* [What needs to be done]: Exclude the pictures; give every entry again exactly as written.
-=-=-=-=-
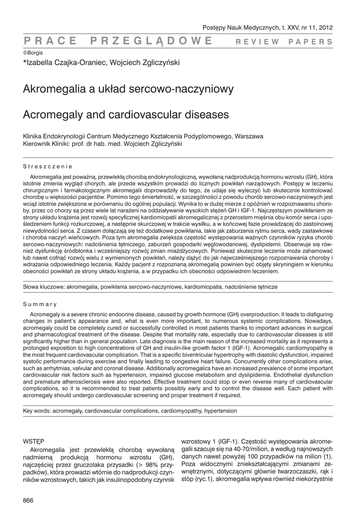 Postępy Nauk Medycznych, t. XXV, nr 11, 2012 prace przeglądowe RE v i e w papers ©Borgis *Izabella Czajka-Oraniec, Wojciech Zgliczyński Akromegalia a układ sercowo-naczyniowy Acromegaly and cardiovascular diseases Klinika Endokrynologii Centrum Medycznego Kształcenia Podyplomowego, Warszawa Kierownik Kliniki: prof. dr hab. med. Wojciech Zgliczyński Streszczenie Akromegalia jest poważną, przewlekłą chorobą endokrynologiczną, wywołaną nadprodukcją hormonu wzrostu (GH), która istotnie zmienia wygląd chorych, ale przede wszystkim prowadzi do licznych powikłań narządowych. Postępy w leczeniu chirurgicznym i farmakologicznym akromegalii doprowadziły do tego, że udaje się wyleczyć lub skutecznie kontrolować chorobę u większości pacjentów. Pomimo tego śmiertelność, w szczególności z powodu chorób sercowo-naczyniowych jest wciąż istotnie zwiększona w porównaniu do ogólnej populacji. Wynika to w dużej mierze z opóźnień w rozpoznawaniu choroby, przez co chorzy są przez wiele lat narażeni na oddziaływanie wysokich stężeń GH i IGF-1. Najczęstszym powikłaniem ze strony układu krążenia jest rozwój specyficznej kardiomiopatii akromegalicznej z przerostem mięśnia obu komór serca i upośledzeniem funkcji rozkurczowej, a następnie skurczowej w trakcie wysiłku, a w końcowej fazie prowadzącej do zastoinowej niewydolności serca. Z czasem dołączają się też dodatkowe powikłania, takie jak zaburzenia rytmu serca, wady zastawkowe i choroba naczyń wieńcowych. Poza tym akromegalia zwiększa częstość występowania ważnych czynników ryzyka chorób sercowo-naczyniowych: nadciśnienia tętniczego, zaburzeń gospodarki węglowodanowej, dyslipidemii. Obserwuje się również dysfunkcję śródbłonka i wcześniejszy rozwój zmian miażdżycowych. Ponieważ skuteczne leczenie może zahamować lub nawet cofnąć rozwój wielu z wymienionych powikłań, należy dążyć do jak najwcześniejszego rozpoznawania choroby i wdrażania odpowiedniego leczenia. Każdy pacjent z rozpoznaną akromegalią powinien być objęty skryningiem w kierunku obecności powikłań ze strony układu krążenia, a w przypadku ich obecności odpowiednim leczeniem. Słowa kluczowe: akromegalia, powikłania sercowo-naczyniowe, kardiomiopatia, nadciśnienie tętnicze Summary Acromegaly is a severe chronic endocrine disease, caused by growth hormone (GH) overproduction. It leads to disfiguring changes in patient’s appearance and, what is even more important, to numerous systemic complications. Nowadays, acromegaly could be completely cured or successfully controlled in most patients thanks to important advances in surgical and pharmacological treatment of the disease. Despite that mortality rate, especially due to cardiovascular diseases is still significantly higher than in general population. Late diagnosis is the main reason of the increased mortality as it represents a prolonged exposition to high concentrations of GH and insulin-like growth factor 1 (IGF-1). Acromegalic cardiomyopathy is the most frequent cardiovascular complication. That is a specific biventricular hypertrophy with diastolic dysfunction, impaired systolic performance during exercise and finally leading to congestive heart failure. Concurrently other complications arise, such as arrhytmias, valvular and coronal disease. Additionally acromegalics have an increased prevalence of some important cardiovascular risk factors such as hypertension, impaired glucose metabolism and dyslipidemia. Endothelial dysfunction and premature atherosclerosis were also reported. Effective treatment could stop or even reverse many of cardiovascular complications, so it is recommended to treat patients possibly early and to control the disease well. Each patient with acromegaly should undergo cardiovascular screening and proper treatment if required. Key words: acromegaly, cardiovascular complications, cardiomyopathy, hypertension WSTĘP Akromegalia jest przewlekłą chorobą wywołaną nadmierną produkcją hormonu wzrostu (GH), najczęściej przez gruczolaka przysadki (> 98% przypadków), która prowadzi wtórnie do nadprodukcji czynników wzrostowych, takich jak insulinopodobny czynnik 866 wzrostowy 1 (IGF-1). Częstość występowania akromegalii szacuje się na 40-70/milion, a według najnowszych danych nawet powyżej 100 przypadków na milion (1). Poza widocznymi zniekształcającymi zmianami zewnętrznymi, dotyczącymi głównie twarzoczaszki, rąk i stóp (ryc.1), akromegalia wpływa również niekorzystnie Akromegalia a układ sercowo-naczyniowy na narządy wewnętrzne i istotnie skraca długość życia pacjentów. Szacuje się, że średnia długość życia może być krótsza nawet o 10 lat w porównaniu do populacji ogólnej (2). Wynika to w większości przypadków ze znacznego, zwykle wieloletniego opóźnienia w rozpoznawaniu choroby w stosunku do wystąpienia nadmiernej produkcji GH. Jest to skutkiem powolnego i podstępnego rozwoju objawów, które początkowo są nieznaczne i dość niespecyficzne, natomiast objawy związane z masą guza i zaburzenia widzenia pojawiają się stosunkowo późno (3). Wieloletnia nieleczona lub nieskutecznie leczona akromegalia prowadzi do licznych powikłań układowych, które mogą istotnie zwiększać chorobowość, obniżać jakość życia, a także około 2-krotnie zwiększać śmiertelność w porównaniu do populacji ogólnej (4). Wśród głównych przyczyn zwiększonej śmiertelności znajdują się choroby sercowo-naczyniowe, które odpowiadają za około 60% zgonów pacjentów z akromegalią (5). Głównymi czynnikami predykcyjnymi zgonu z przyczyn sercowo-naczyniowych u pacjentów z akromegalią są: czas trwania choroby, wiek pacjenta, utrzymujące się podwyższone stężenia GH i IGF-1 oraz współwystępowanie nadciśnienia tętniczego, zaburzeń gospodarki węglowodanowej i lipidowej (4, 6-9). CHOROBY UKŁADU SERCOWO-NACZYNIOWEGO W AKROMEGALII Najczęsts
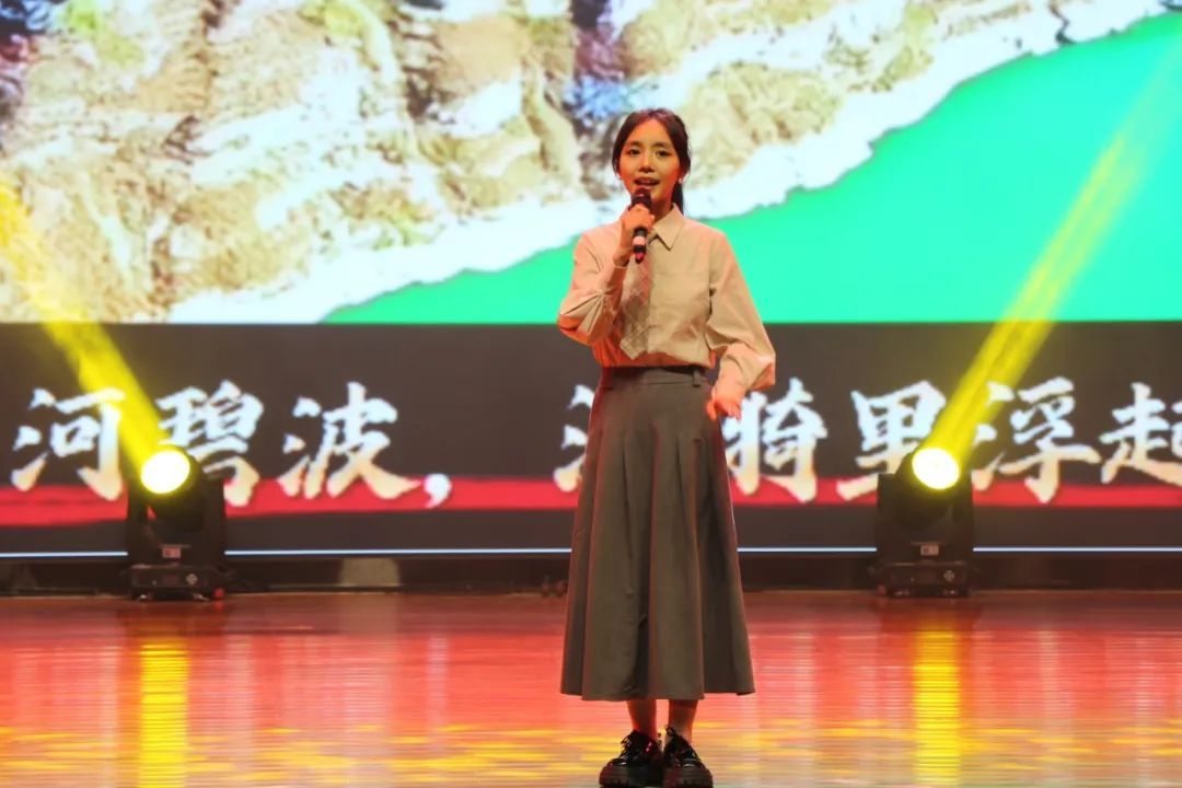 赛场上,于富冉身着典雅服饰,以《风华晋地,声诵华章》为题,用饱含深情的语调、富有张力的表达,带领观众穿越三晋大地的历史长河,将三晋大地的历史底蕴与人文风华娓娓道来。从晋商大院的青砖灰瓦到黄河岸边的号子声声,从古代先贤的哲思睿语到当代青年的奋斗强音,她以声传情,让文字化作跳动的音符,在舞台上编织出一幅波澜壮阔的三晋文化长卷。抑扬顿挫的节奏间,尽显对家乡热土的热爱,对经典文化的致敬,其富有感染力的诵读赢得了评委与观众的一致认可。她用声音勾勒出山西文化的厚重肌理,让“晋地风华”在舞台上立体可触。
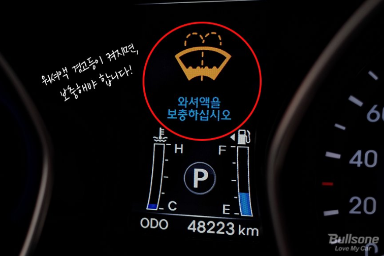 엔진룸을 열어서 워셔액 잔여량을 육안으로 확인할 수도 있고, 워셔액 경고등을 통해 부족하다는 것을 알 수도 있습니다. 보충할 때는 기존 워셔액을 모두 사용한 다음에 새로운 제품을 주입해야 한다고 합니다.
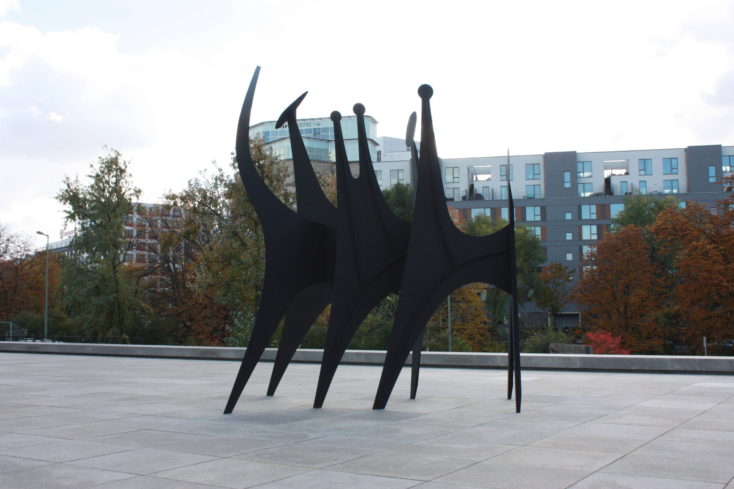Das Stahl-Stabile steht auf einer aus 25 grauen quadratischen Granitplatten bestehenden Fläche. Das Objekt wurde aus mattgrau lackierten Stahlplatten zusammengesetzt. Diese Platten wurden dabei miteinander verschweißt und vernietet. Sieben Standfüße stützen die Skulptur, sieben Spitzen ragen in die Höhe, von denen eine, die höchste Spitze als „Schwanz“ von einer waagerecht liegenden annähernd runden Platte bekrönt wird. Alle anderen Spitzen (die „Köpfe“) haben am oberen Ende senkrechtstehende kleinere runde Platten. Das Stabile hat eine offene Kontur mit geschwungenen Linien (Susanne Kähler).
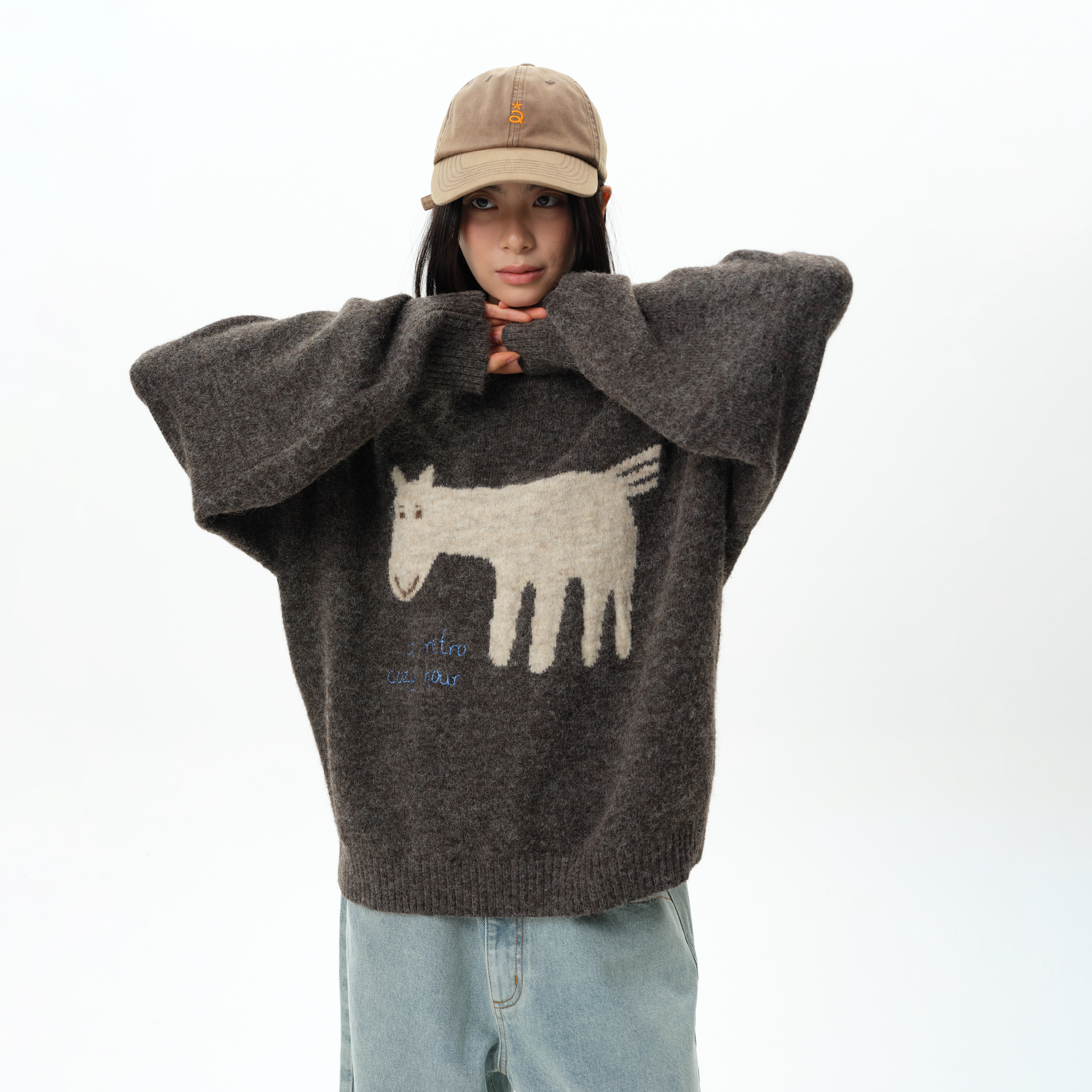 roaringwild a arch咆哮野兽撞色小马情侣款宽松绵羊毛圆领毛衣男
-=-=-=-=-
* [Response below]:
 Postępy Nauk Medycznych, t. XXV, nr 11, 2012 prace przeglądowe RE v i e w papers ©Borgis *Izabella Czajka-Oraniec, Wojciech Zgliczyński Akromegalia a układ sercowo-naczyniowy Acromegaly and cardiovascular diseases Klinika Endokrynologii Centrum Medycznego Kształcenia Podyplomowego, Warszawa Kierownik Kliniki: prof. dr hab. med. Wojciech Zgliczyński Streszczenie Akromegalia jest poważną, przewlekłą chorobą endokrynologiczną, wywołaną nadprodukcją hormonu wzrostu (GH), która istotnie zmienia wygląd chorych, ale przede wszystkim prowadzi do licznych powikłań narządowych. Postępy w leczeniu chirurgicznym i farmakologicznym akromegalii doprowadziły do tego, że udaje się wyleczyć lub skutecznie kontrolować chorobę u większości pacjentów. Pomimo tego śmiertelność, w szczególności z powodu chorób sercowo-naczyniowych jest wciąż istotnie zwiększona w porównaniu do ogólnej populacji. Wynika to w dużej mierze z opóźnień w rozpoznawaniu choroby, przez co chorzy są przez wiele lat narażeni na oddziaływanie wysokich stężeń GH i IGF-1. Najczęstszym powikłaniem ze strony układu krążenia jest rozwój specyficznej kardiomiopatii akromegalicznej z przerostem mięśnia obu komór serca i upośledzeniem funkcji rozkurczowej, a następnie skurczowej w trakcie wysiłku, a w końcowej fazie prowadzącej do zastoinowej niewydolności serca. Z czasem dołączają się też dodatkowe powikłania, takie jak zaburzenia rytmu serca, wady zastawkowe i choroba naczyń wieńcowych. Poza tym akromegalia zwiększa częstość występowania ważnych czynników ryzyka chorób sercowo-naczyniowych: nadciśnienia tętniczego, zaburzeń gospodarki węglowodanowej, dyslipidemii. Obserwuje się również dysfunkcję śródbłonka i wcześniejszy rozwój zmian miażdżycowych. Ponieważ skuteczne leczenie może zahamować lub nawet cofnąć rozwój wielu z wymienionych powikłań, należy dążyć do jak najwcześniejszego rozpoznawania choroby i wdrażania odpowiedniego leczenia. Każdy pacjent z rozpoznaną akromegalią powinien być objęty skryningiem w kierunku obecności powikłań ze strony układu krążenia, a w przypadku ich obecności odpowiednim leczeniem. Słowa kluczowe: akromegalia, powikłania sercowo-naczyniowe, kardiomiopatia, nadciśnienie tętnicze Summary Acromegaly is a severe chronic endocrine disease, caused by growth hormone (GH) overproduction. It leads to disfiguring changes in patient’s appearance and, what is even more important, to numerous systemic complications. Nowadays, acromegaly could be completely cured or successfully controlled in most patients thanks to important advances in surgical and pharmacological treatment of the disease. Despite that mortality rate, especially due to cardiovascular diseases is still significantly higher than in general population. Late diagnosis is the main reason of the increased mortality as it represents a prolonged exposition to high concentrations of GH and insulin-like growth factor 1 (IGF-1). Acromegalic cardiomyopathy is the most frequent cardiovascular complication. That is a specific biventricular hypertrophy with diastolic dysfunction, impaired systolic performance during exercise and finally leading to congestive heart failure. Concurrently other complications arise, such as arrhytmias, valvular and coronal disease. Additionally acromegalics have an increased prevalence of some important cardiovascular risk factors such as hypertension, impaired glucose metabolism and dyslipidemia. Endothelial dysfunction and premature atherosclerosis were also reported. Effective treatment could stop or even reverse many of cardiovascular complications, so it is recommended to treat patients possibly early and to control the disease well. Each patient with acromegaly should undergo cardiovascular screening and proper treatment if required. Key words: acromegaly, cardiovascular complications, cardiomyopathy, hypertension WSTĘP Akromegalia jest przewlekłą chorobą wywołaną nadmierną produkcją hormonu wzrostu (GH), najczęściej przez gruczolaka przysadki (> 98% przypadków), która prowadzi wtórnie do nadprodukcji czynników wzrostowych, takich jak insulinopodobny czynnik 866 wzrostowy 1 (IGF-1). Częstość występowania akromegalii szacuje się na 40-70/milion, a według najnowszych danych nawet powyżej 100 przypadków na milion (1). Poza widocznymi zniekształcającymi zmianami zewnętrznymi, dotyczącymi głównie twarzoczaszki, rąk i stóp (ryc.1), akromegalia wpływa również niekorzystnie Akromegalia a układ sercowo-naczyniowy na narządy wewnętrzne i istotnie skraca długość życia pacjentów. Szacuje się, że średnia długość życia może być krótsza nawet o 10 lat w porównaniu do populacji ogólnej (2). Wynika to w większości przypadków ze znacznego, zwykle wieloletniego opóźnienia w rozpoznawaniu choroby w stosunku do wystąpienia nadmiernej produkcji GH. Jest to skutkiem powolnego i podstępnego rozwoju objawów, które początkowo są nieznaczne i dość niespecyficzne, natomiast objawy związane z masą guza i zaburzenia widzenia pojawiają się stosunkowo późno (3). Wieloletnia nieleczona lub nieskutecznie leczona akromegalia prowadzi do licznych powikłań układowych, które mogą istotnie zwiększać chorobowość, obniżać jakość życia, a także około 2-krotnie zwiększać śmiertelność w porównaniu do populacji ogólnej (4). Wśród głównych przyczyn zwiększonej śmiertelności znajdują się choroby sercowo-naczyniowe, które odpowiadają za około 60% zgonów pacjentów z akromegalią (5). Głównymi czynnikami predykcyjnymi zgonu z przyczyn sercowo-naczyniowych u pacjentów z akromegalią są: czas trwania choroby, wiek pacjenta, utrzymujące się podwyższone stężenia GH i IGF-1 oraz współwystępowanie nadciśnienia tętniczego, zaburzeń gospodarki węglowodanowej i lipidowej (4, 6-9). CHOROBY UKŁADU SERCOWO-NACZYNIOWEGO W AKROMEGALII Najczęsts
 赛场上,于富冉身着典雅服饰,以《风华晋地,声诵华章》为题,用饱含深情的语调、富有张力的表达,带领观众穿越三晋大地的历史长河,将三晋大地的历史底蕴与人文风华娓娓道来。从晋商大院的青砖灰瓦到黄河岸边的号子声声,从古代先贤的哲思睿语到当代青年的奋斗强音,她以声传情,让文字化作跳动的音符,在舞台上编织出一幅波澜壮阔的三晋文化长卷。抑扬顿挫的节奏间,尽显对家乡热土的热爱,对经典文化的致敬,其富有感染力的诵读赢得了评委与观众的一致认可。她用声音勾勒出山西文化的厚重肌理,让“晋地风华”在舞台上立体可触。
 엔진룸을 열어서 워셔액 잔여량을 육안으로 확인할 수도 있고, 워셔액 경고등을 통해 부족하다는 것을 알 수도 있습니다. 보충할 때는 기존 워셔액을 모두 사용한 다음에 새로운 제품을 주입해야 한다고 합니다.
Das Stahl-Stabile steht auf einer aus 25 grauen quadratischen Granitplatten bestehenden Fläche. Das Objekt wurde aus mattgrau lackierten Stahlplatten zusammengesetzt. Diese Platten wurden dabei miteinander verschweißt und vernietet. Sieben Standfüße stützen die Skulptur, sieben Spitzen ragen in die Höhe, von denen eine, die höchste Spitze als „Schwanz“ von einer waagerecht liegenden annähernd runden Platte bekrönt wird. Alle anderen Spitzen (die „Köpfe“) haben am oberen Ende senkrechtstehende kleinere runde Platten. Das Stabile hat eine offene Kontur mit geschwungenen Linien (Susanne Kähler).
 roaringwild a arch咆哮野兽撞色小马情侣款宽松绵羊毛圆领毛衣男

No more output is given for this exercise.